3. Testimony Regarding "Stage Zero" ONJ

Merck argues that because Dr. Marx cannot pinpoint an exact date on which Secrest developed "Stage Zero" ONJ, any opinion by Dr. Marx that Secrest had stage zero ONJ is inadmissible speculation. However, Merck has not shown that Dr. Marx used any unreliable methods in reaching the conclusion that Secrest suffered from Stage Zero ONJ at some point in time. Instead, in reaching this conclusion, Dr. Marx relied on his clinical experience. A failure to identify when a patient contracted a particular disease does not make testimony that a patient had that disease at some point in time inherently unreliable underDaubert.
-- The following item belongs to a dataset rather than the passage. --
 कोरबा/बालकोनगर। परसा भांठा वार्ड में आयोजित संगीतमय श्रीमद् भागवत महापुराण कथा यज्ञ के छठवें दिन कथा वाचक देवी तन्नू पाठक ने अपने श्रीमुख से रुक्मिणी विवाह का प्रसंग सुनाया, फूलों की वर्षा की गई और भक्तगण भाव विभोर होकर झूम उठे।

4. Concessions by Plaintiff

To the extent that Merck moves to preclude testimony from Dr. Marx that Fosamax caused Secrest to experience delayed healing and the failure of bone grafts and dental implants, Mrs. Secrest does not oppose the motion. Secrest also concedes Merck's request to preclude Dr. Marx from testifying that use of Fosamax after a "drug holiday" immediately places the patient at risk of developing ONJ. Therefore, Merck's motion is granted on these grounds.

C. Dr. Philip Marciano

Merck seeks to preclude Dr. Marciano from offering specific causation testimony. In support of its motion, Merck argues that Dr. Marciano's opinion testimony is based on "the false assumption that Plaintiff took Fosamax for six years prior to the onset of her injury," (Df.'s Mem. in Supp. of Df.'s Daubert Mot. 12), and that Plaintiff fails to address this argument in its opposition memorandum, (Df.'s Reply Mem. in Supp. of Df.'sDaubert Mot. 8).
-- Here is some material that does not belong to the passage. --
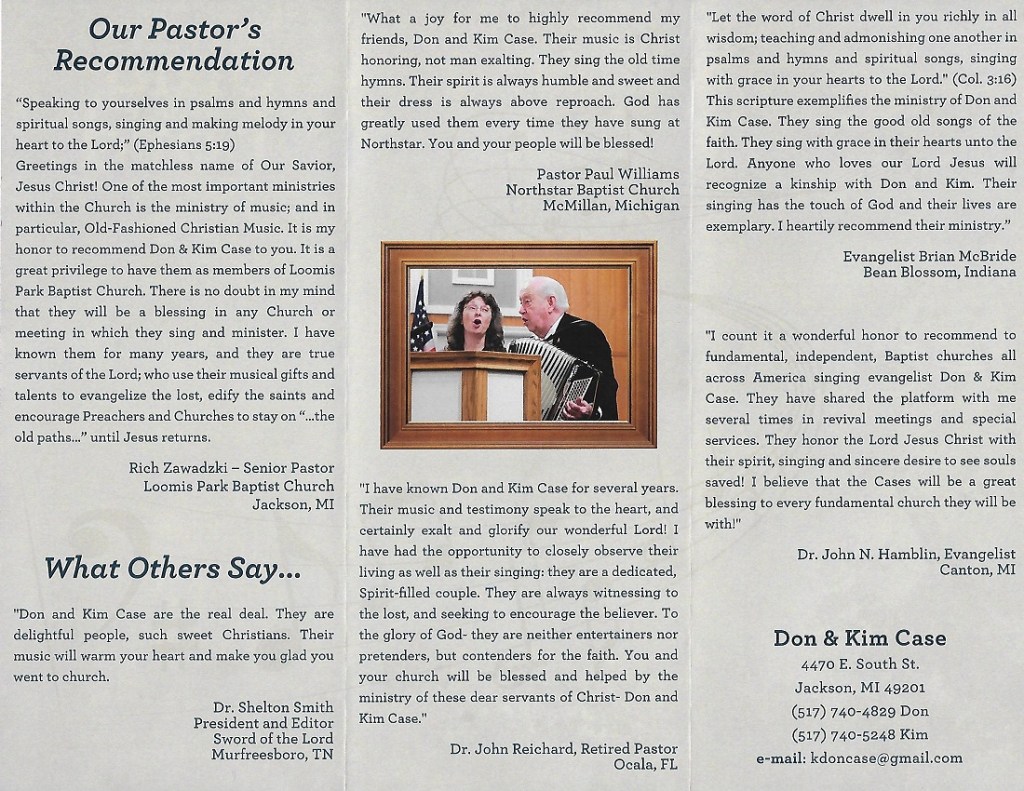 Contact Don or Kim if you would like to have them minister at your church or event. Kim: 517-740-5248 Don: 517-740-4829

Merck's motion to preclude specific causation testimony from Dr. Marciano is granted. Expert opinion is inadmissible under Rule 702 where such opinion testimony would not be helpful to the jury and where such opinion testimony is not based on reliable methods. Because the record indicates that Dr. Marciano's statement that Fosamax was the "most likely factor" causing Secrest's ONJ was based on hypothetical assumptions about Secrest's usage of Fosamax rather than concrete facts, and because the opinion Dr. Marciano offers is largely dependent on and derivative of Dr. Marx's opinions rather than any scientific inquiry conducted or treatment provided by Dr. Marciano himself, it is inadmissible under Rule 702.

D. Dr. Lawrence Epstein

Merck seeks to preclude Dr. Epstein from offering testimony about various topics, including the causation of Secrest's ONJ, a deposition of Merck employee Dr. Arthur Santora, a report prepared by FDA biostatistician Anthony Mucci, the alleged dangers of concomitant use of Fosamax and hormone replacement therapy, the FDA's handling of Fosamax, and the efficacy of Fosamax in comparison to other osteoporosis medications. Merck also seeks to bar Dr. Epstein from testifying that Secrest did not have osteoporosis or that Fosamax has various harmful effects, offering calculations of Secrest's bone mineral density scores, or suggesting that Secrest used Fosamax for more than three years prior to 2004.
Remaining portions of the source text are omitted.